ER diversion talk just a diversion?
It was an act similar to pulling on Superman's cape, and Boston emergency medicine physician Dr. Stephen Epstein didn't win any friends in the primary-care world by doing so, but he did seize the moment at the recent American Medical Association House of Delegates meeting in Chicago.
The Wisconsin Medical Society introduced a somewhat motherhood and apple pie resolution requesting the AMA study the successful North Carolina Medicaid Patient-Centered Medical Home program so it could be duplicated elsewhere.
According to official AMA record, this is what happened: "One speaker raised many concerns about the North Carolina Medicaid Patient-Centered Medical Home and cautioned the AMA in studying it due to possibly contradictory or flawed data on the financial success of the program."
What happened was that Epstein, speaking as a delegate from the American College of Emergency Physicians, used the opportunity to oppose language that the medical-home model can save money by diverting patients from seeking the exorbitantly expensive care provided in hospital emergency departments.
"That's a myth," Epstein said, countering that emergency care's cost to the healthcare system has been greatly exaggerated.
That was echoed by Dr. Sandra Schneider, ACEP president, and Dean Wilkerson, ACEP executive director, when they visited Modern Healthcare's office the next day.
Citing statistics from the U.S. Agency for Healthcare Research and Quality, Schneider said annual spending on emergency care equals about $47 billion. A large sum to be sure, but Schneider said it only accounts for 2% of total healthcare spending or, as she put it, "budget dust."
Wilkerson said that ACEP is not being negative toward primary care and the push toward medical homes, "but people who are selling what they're selling" should stop using some hypothetical savings from ER diversions as a selling point.
It will be interesting to see if medical home proponents continue to cite ER diversion savings as a talking point and, if they do, it will probably be even more interesting to see how ACEP reacts.
The AMA House of Delegates did go on to support study of the North Carolina program. At this point, there isn't really any point to not doing so because, as American Academy of Family Physicians President-elect Dr. Glen Stream said at the AMA meeting, "if there is a poster child for dis-integrated care, it's our Medicaid programs."

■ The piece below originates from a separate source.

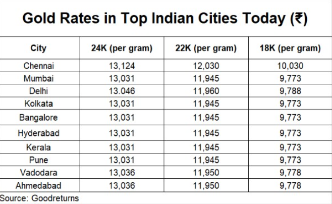 कोलकाता में 24 कैरेट सोने की कीमतें 1,30,320 रुपये प्रति 10 ग्राम रहीं और 22 कैरेट गोल्ड के दाम 1,19,610 रुपये प्रति 10 ग्राम रहे. - चेन्नई में 24 कैरेट सोने की कीमतें 1,31,250 रुपये प्रति 10 ग्राम रहीं और 22 कैरेट गोल्ड के दाम 1,20,310 रुपये प्रति 10 ग्राम रहे.
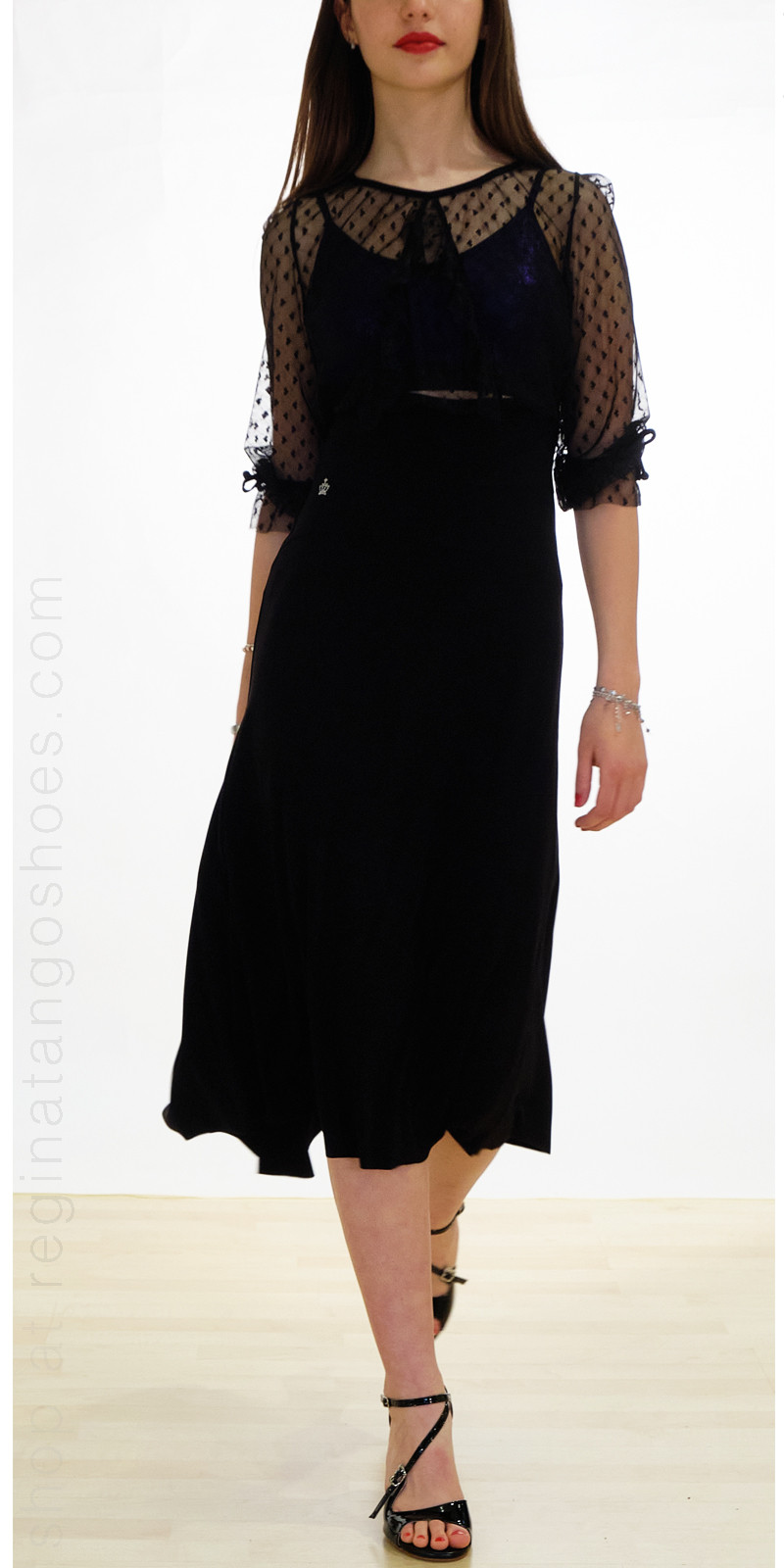 Io mi chiamo ''Granatina club 01' sono un abito realizzato in due diversi tessuti: nella parte alta ho un morbido tulle a cuoricini con effetto camicetta BON TON, la gonna, invece, è realizzata in morbidissimo jersey nero.

By the way, the spat between ACEP and primary-care doctors wasn't the only dust-up regarding medical homes at the AMA meeting. Docs are also peeved with the Joint Commission, which is set to launch its new Primary Care Medical Home ambulatory-care accreditation program on July 1.
The Joint Commission's transgression in the eyes of AMA delegates was that its accreditation model doesn't require the medical home to be physician-led. It only requires the facility to be led by a "primary-care clinician," which can be a physician, physician assistant or nurse practitioner.
The American Nurses Association, of course, thinks it's a great idea.
Well, July is the perfect month for fireworks.